┏━━

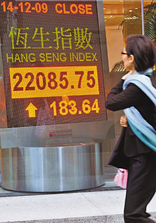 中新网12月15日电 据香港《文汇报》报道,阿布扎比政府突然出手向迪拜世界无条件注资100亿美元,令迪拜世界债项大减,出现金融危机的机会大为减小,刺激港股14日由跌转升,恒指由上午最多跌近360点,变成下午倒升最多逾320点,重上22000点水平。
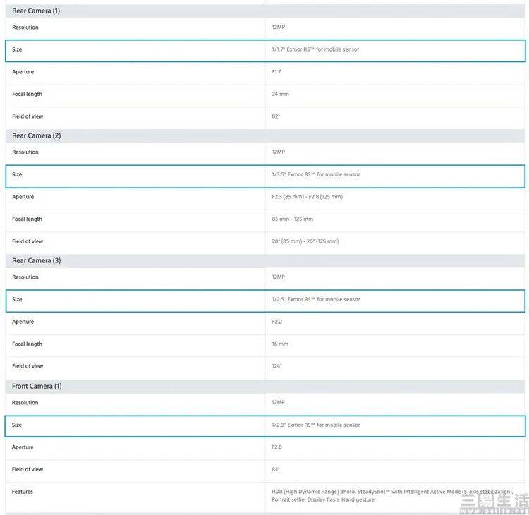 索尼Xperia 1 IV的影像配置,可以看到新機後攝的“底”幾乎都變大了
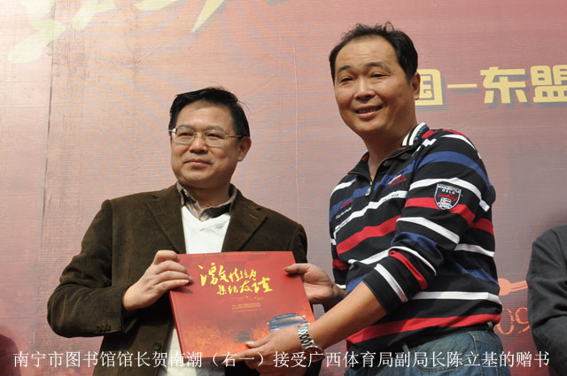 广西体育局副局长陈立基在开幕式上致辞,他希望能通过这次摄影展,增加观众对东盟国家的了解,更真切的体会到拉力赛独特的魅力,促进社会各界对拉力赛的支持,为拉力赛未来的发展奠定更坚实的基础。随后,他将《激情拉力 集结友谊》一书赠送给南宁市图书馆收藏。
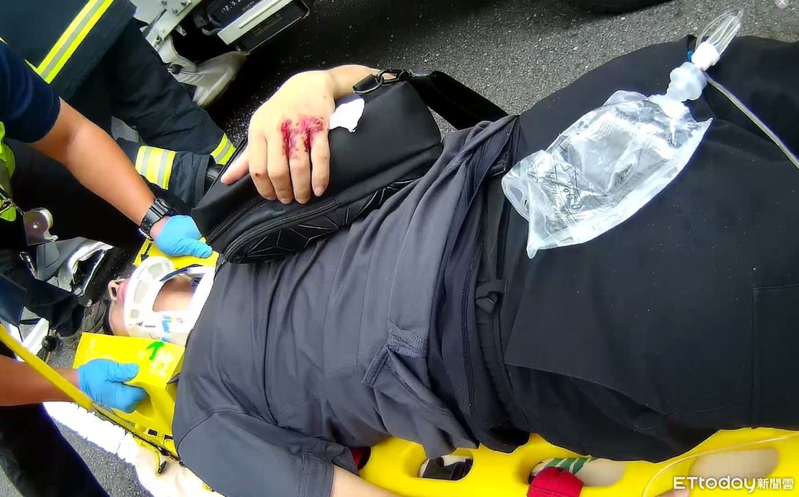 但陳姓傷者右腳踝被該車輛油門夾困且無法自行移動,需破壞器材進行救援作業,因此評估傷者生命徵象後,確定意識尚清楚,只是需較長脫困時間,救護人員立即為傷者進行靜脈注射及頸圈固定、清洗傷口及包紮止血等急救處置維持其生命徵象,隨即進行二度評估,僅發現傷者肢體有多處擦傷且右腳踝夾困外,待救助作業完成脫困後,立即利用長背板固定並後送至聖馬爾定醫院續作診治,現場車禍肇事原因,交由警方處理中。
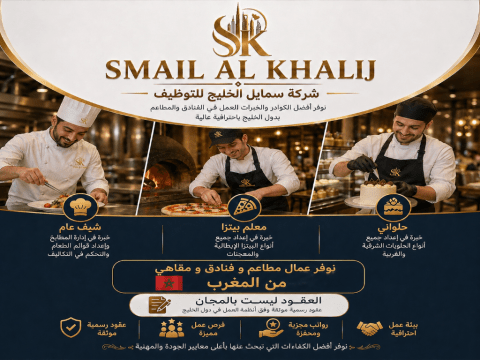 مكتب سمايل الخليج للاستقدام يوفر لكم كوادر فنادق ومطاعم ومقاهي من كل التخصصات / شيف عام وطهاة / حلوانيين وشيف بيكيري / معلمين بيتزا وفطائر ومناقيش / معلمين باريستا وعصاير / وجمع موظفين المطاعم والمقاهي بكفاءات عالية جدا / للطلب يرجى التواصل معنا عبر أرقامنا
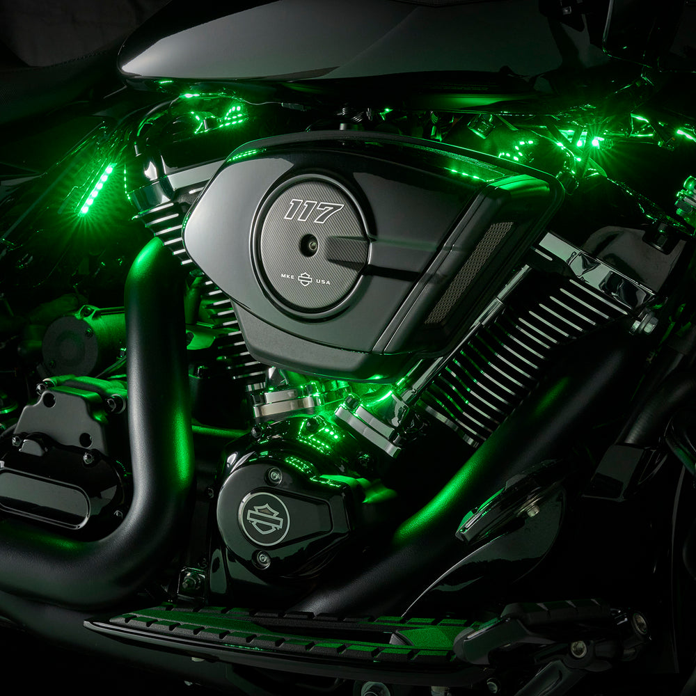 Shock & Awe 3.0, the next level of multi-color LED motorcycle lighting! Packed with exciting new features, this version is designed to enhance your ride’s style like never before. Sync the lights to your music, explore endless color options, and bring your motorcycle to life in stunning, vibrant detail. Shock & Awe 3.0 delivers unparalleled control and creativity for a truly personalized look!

┗━━
┏━━

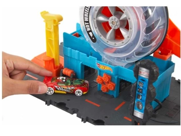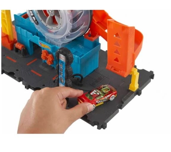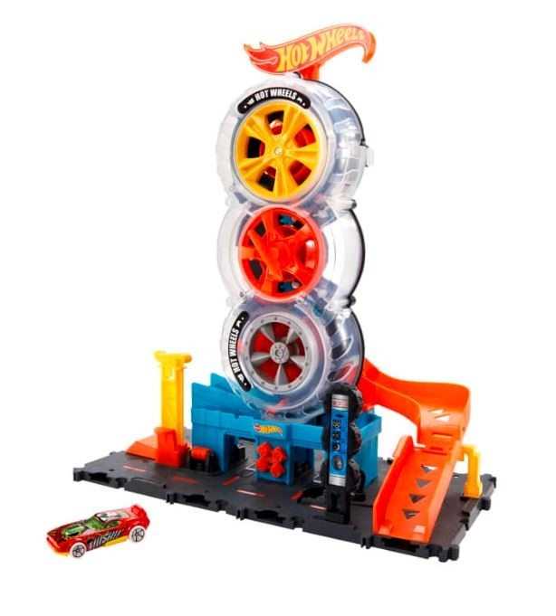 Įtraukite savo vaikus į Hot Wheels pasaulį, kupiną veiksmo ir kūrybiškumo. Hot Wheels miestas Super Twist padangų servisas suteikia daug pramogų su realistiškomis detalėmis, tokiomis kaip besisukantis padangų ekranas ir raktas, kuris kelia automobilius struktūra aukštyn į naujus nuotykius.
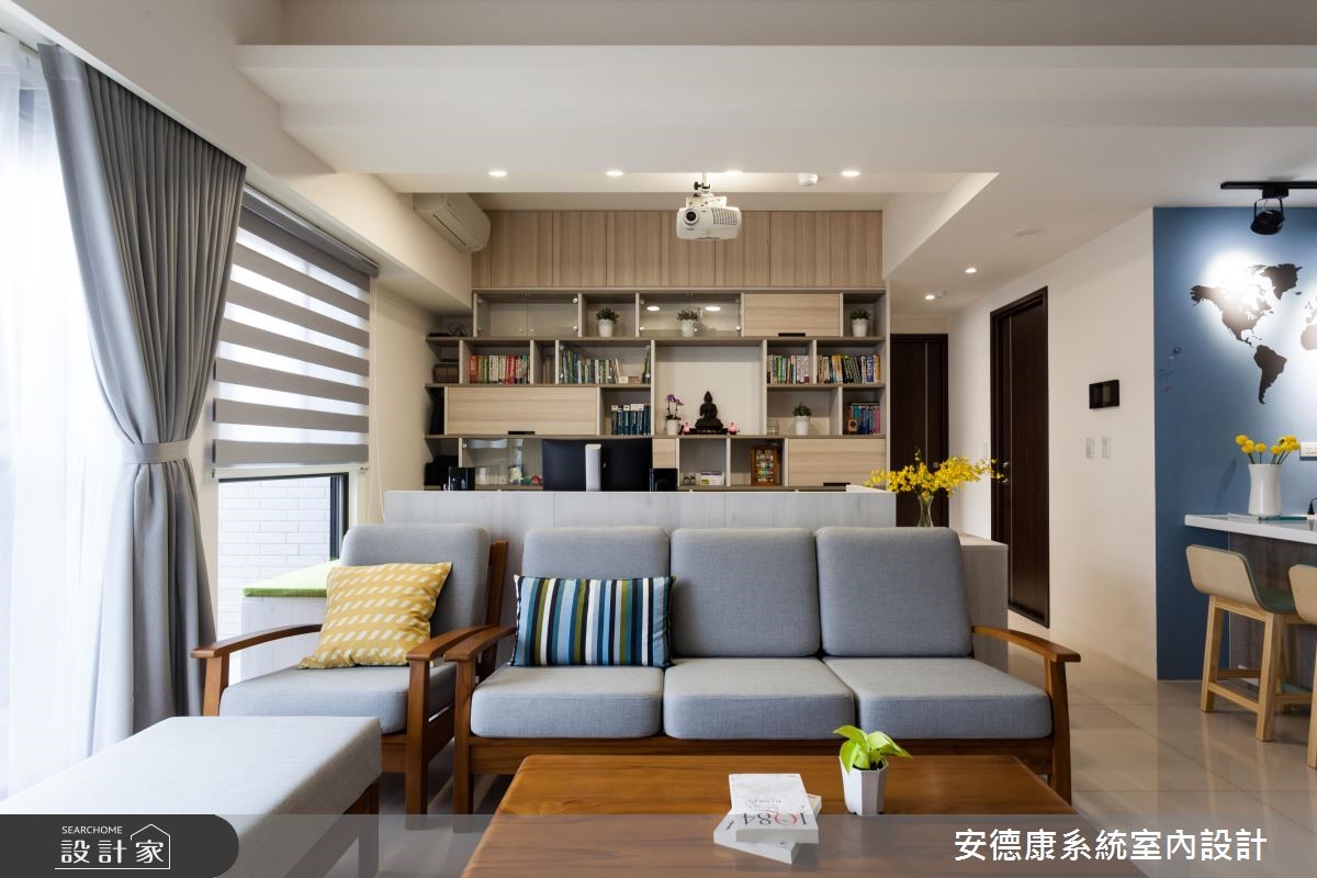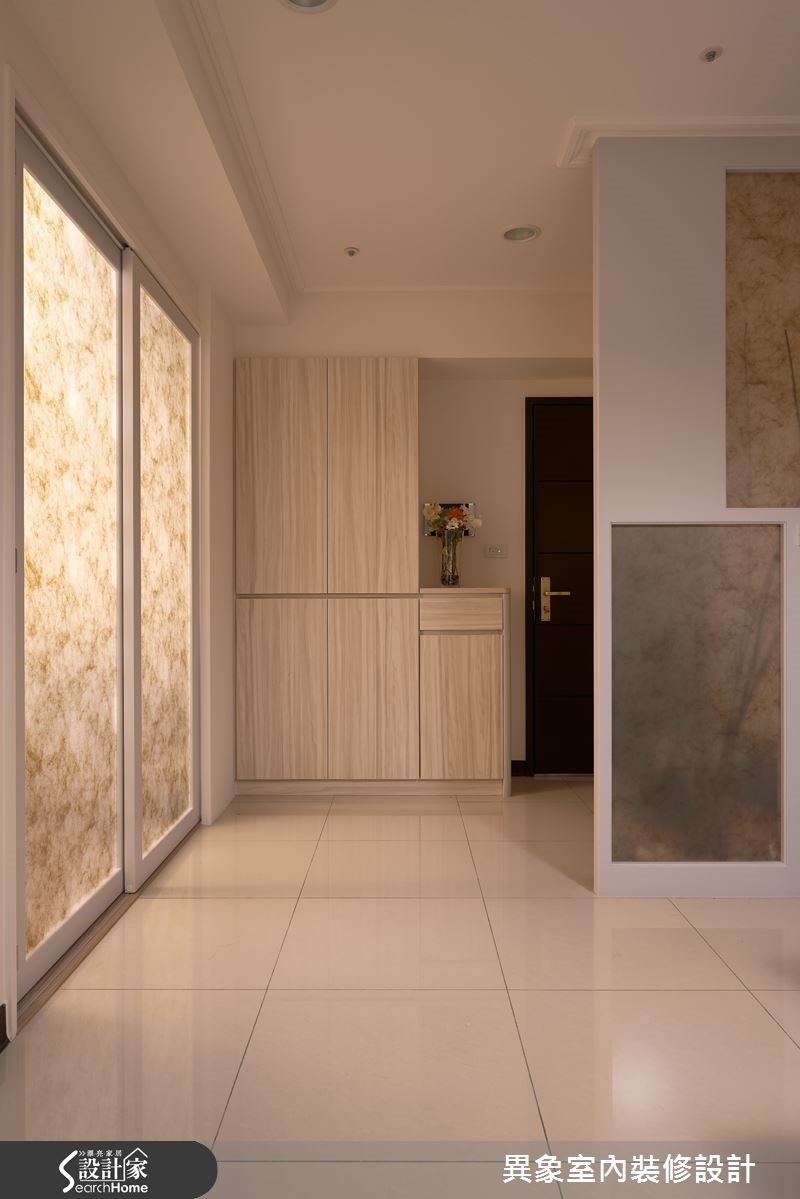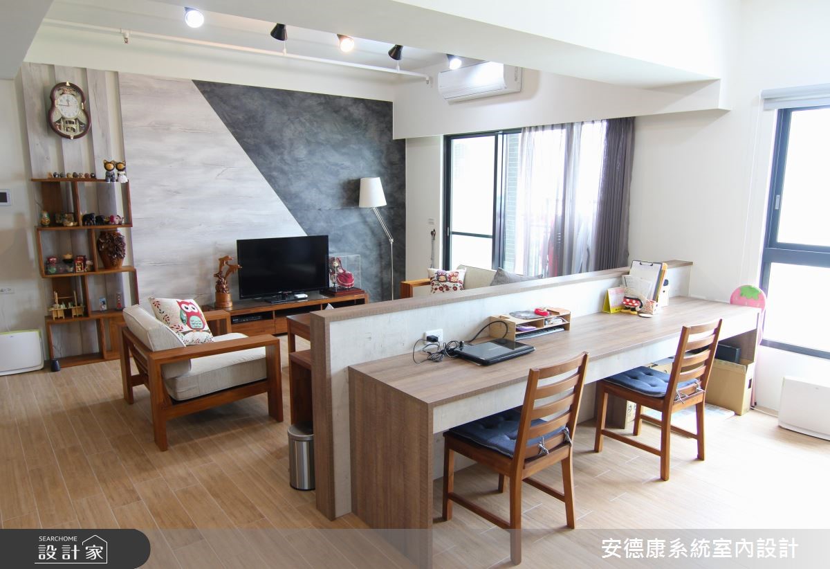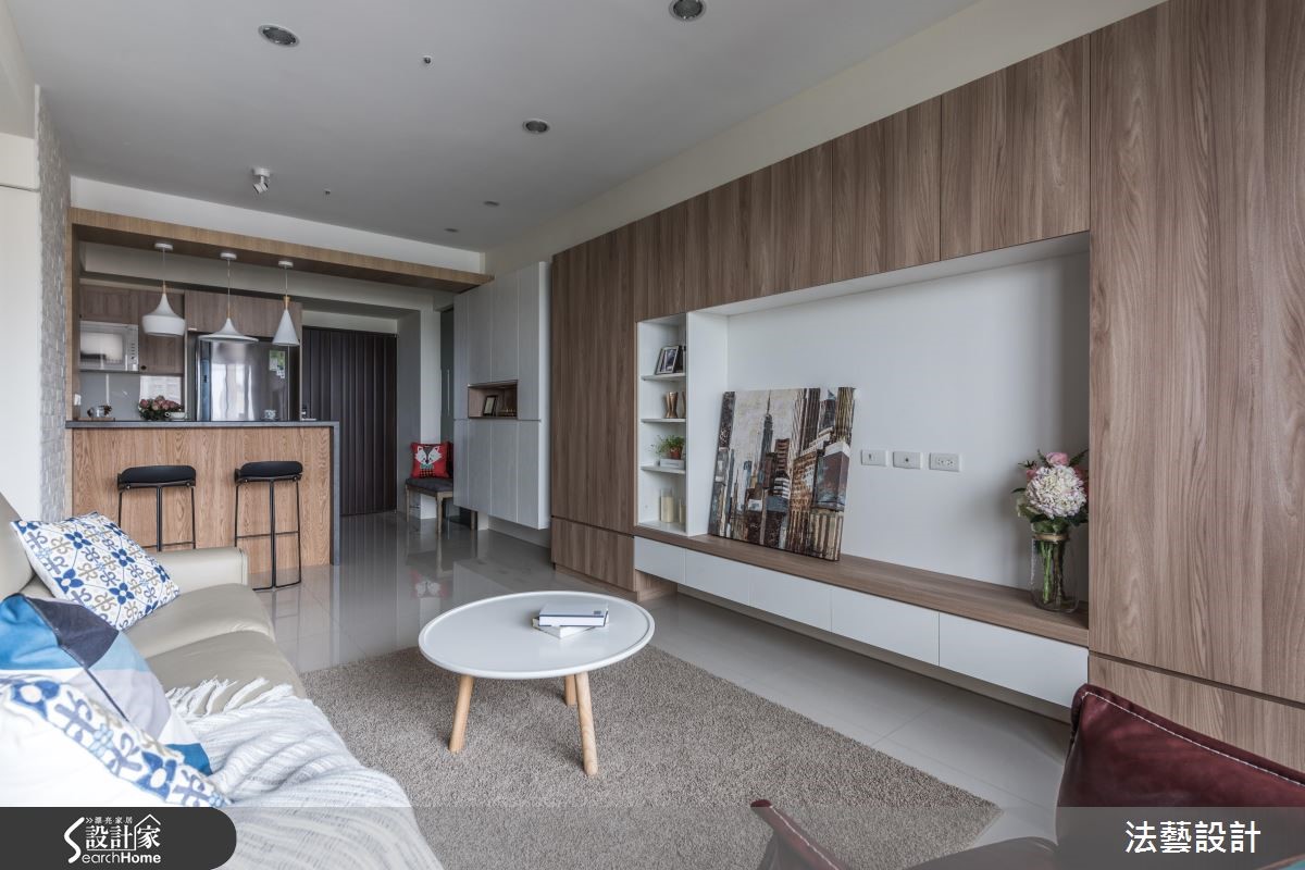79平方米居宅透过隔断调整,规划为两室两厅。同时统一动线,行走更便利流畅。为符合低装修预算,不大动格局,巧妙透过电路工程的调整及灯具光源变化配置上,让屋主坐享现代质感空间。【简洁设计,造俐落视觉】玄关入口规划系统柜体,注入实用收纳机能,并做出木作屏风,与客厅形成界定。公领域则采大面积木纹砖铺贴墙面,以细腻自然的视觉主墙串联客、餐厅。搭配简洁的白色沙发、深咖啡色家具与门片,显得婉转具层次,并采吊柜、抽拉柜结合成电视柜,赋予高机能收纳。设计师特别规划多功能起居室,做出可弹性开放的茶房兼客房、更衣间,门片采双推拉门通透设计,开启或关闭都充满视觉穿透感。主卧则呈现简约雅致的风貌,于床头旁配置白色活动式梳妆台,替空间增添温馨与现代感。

┗━━

TASK REQUIREMENTS:
Starting at the line containing "广西体育局副局长陈立基在开幕" and stopping at the line containing "مكتب سمايل الخليج", output each line exactly as it appears above. Leave out the pictures.

EXPECTED ANSWER:
 广西体育局副局长陈立基在开幕式上致辞,他希望能通过这次摄影展,增加观众对东盟国家的了解,更真切的体会到拉力赛独特的魅力,促进社会各界对拉力赛的支持,为拉力赛未来的发展奠定更坚实的基础。随后,他将《激情拉力 集结友谊》一书赠送给南宁市图书馆收藏。
 但陳姓傷者右腳踝被該車輛油門夾困且無法自行移動,需破壞器材進行救援作業,因此評估傷者生命徵象後,確定意識尚清楚,只是需較長脫困時間,救護人員立即為傷者進行靜脈注射及頸圈固定、清洗傷口及包紮止血等急救處置維持其生命徵象,隨即進行二度評估,僅發現傷者肢體有多處擦傷且右腳踝夾困外,待救助作業完成脫困後,立即利用長背板固定並後送至聖馬爾定醫院續作診治,現場車禍肇事原因,交由警方處理中。
 مكتب سمايل الخليج للاستقدام يوفر لكم كوادر فنادق ومطاعم ومقاهي من كل التخصصات / شيف عام وطهاة / حلوانيين وشيف بيكيري / معلمين بيتزا وفطائر ومناقيش / معلمين باريستا وعصاير / وجمع موظفين المطاعم والمقاهي بكفاءات عالية جدا / للطلب يرجى التواصل معنا عبر أرقامنا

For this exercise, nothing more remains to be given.